Post new topic Reply to topic  [ 17 posts ] 
Author Message
 Post subject: Surgery while tapering
PostPosted: Fri Dec 23, 2016 12:00 pm 
Offline
One Month or More
One Month or More

Joined: Fri Dec 23, 2016 10:49 am
Posts: 34
Hello all, first post here. Let me begin by saying that I fully intend to spend hours of my time looking through these boards. I am thrilled something like this exists. I think my wife is on here somewhere too, not for her abuse-she's clean-but for mine.
At first I was hesitant to post a question that's already been asked and answered, but I seem to be having trouble with the search function. When I search for "taper schedule" or "liquid taper", the search doesn't seem to be able to search for exact phrase. I think I am just missing something because I am a newbie here. So that's my first question.

I was on high dose Subutex for 6+ years. That's behind me now and I am breaking little subutex tabs in eighths and taking on average 2mg/day. I am ready to go to 1mg daily. Once I can search properly I'll figure out a taper schedule. Looks like cutting the expensive 1mg strips is the way to go. Or Subzolv? Also $10 per unit. I'm in the US, and never heard of a liquid form until I saw it here.

Second question: I have to have cervical disc replacement. It is probably weeks or months in the future. My guess is that lowering the sub dose as much as possible in that time is the smart thing to do. I'm in terrible pain now, but dealing with it. I am drug free, except subs, for those 6+ years. Any thoughts? I should have the doctor give the post-op meds to my wife, I think. I just don't know what my tolerance would be like after going from 2mg/day to <1mg/day in a period of a month or two. I'm scared of post op pain being a trigger. The doc said with determination, I could posssibly be off post-op meds in 5-7 days. Anyone have a similar experience or have any advice?


Top
 Profile  
 
PostPosted: Fri Dec 23, 2016 11:11 pm 
Offline
Super Poster
Super Poster

Joined: Fri Jul 24, 2009 10:45 pm
Posts: 139
Hello EmBanks Best of luck with surgery.I am also on 2mg a day. I did have surgery while on 12mg a day.I stopped 6 days before surgery but had to have higher doses of pain meds after. I have tried decreasing from 2 to 1mg but, after a few days my digestive track rebelled. I have tried 1 1/2 mg without any problems. Some people keep taking suboxone and some people have taken full agonists for a few weeks before surgery.It definitely can be done.


Top
 Profile  
 
PostPosted: Sat Dec 24, 2016 12:56 pm 
Offline
Long Time Member
Long Time Member

Joined: Sat Oct 29, 2016 9:34 pm
Posts: 614
Hi Em....

I think the best thing to do is to check out the Talk Zone section of this site. Dr. Junig has several blog posts on surgery and buprenorphine. What he recommends for patients currently on the medication is to lower daily dose to 4 mg's...if currently using more than that. .Then after surgery doctor can overcome the opiate block with higher than usual doses of whatever opiate is to be used. The trick is to find a physician willing to follow this advice as some doctors it should go without saying are ignorant.
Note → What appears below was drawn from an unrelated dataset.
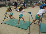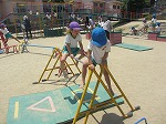 園庭の遊具や鉄棒にロープをくくりつけたり、巧技台や一本橋でコースを作ったりしてできた「あそびランド」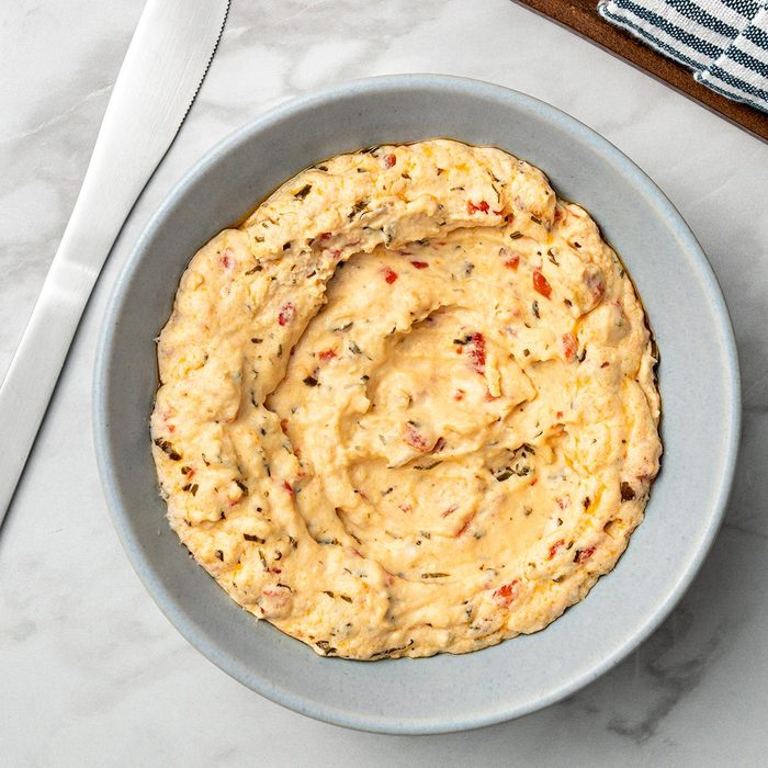 We’re big on appetizers, so this dip is a mashup of our favorite tastes, like cream cheese, feta, basil and sweet peppers. Serve with bread or chips. —Ashley Lecker, Green Bay, Wisconsin

You're on such a low dose, I'm sure you won't have any trouble. And if you taper off completely all to the good obviously.

Dr. Junig has much confidence it seems....based on long experience, with the aforementioned strategy. It has the advantage of eliminating any opiate induced euphoria, lowering the chances of relapse.

Best of luck

Godfrey

P.S. Of course don't rely on anything I've said. Go check those posts out for further details. Perhaps a doc will weigh in, they sometimes do...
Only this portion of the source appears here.